---------- Provided entries ----------
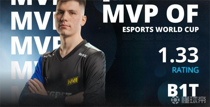 b1t以10张地图场均1.33rating荣膺EWC赛事MVP,这也是大B哥职业生涯首枚HLTV MVP奖牌。
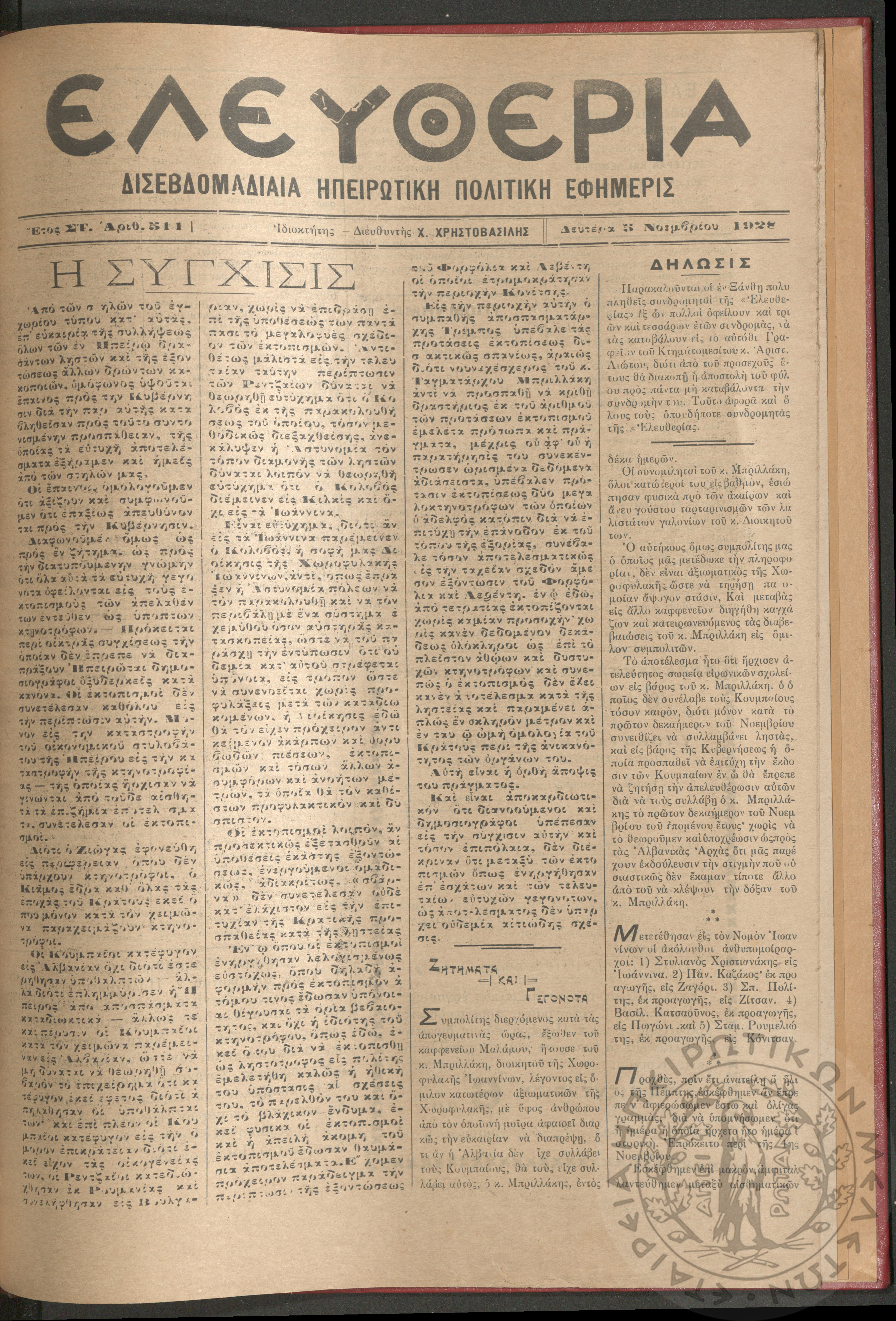 Ελευθερία: δισεβδομαδιαία Ηπειρωτική πολιτική εφημερίς, 1928, φ. 511
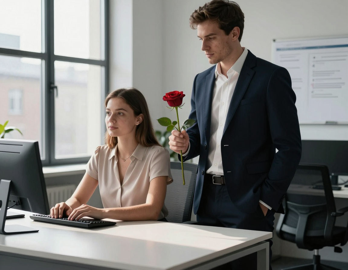 Потом начались попытки ухаживания. Первые шаги Марата были наивными, почти детскими. Однажды он подошёл к её столу с одинокой розовой розой.
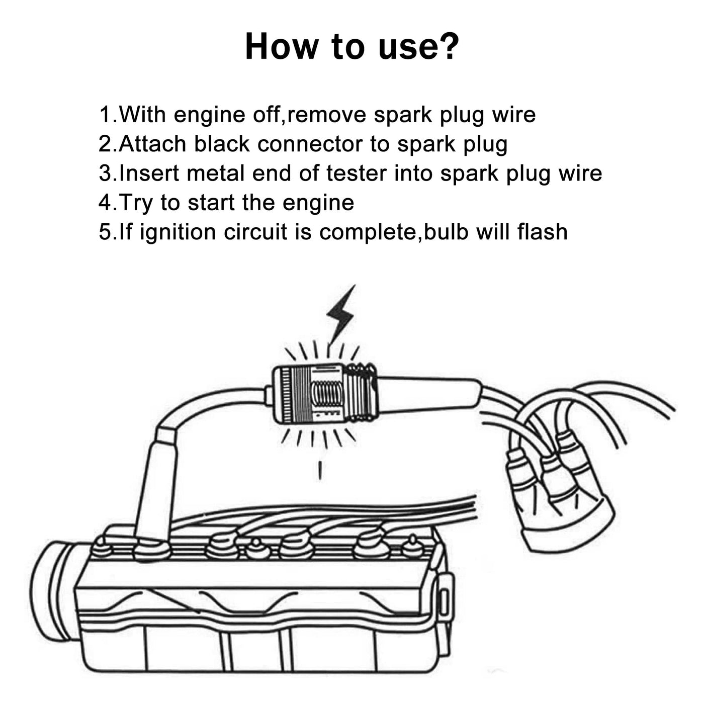 Q: How do I use the spark plug tester for troubleshooting?A: To use the SINGARO spark plug tester, simply connect it between the spark plug and the spark plug wire. Allow approximately 30 seconds for the internal combustion engine to troubleshoot. If the engine emits a spark, the tester bulb will light up, indicating the spark is functioning properly.
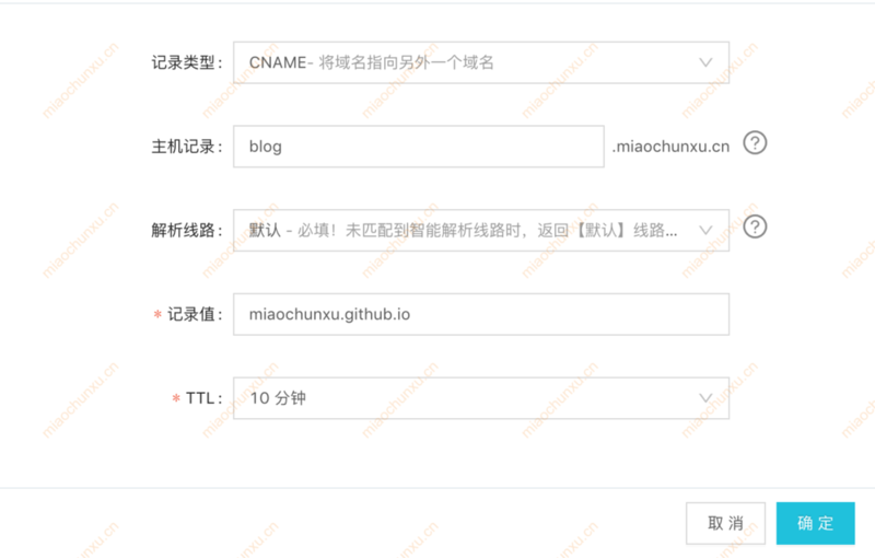- 主机记录: 可以使用@ 或者 www,图中我使用了二级域名 blog
----------
» Problem statement
Do not copy pictures. Restate exactly the lines from the one containing "Q: How do I" through the last line of the records.

» Written solution
 Q: How do I use the spark plug tester for troubleshooting?A: To use the SINGARO spark plug tester, simply connect it between the spark plug and the spark plug wire. Allow approximately 30 seconds for the internal combustion engine to troubleshoot. If the engine emits a spark, the tester bulb will light up, indicating the spark is functioning properly.
- 主机记录: 可以使用@ 或者 www,图中我使用了二级域名 blog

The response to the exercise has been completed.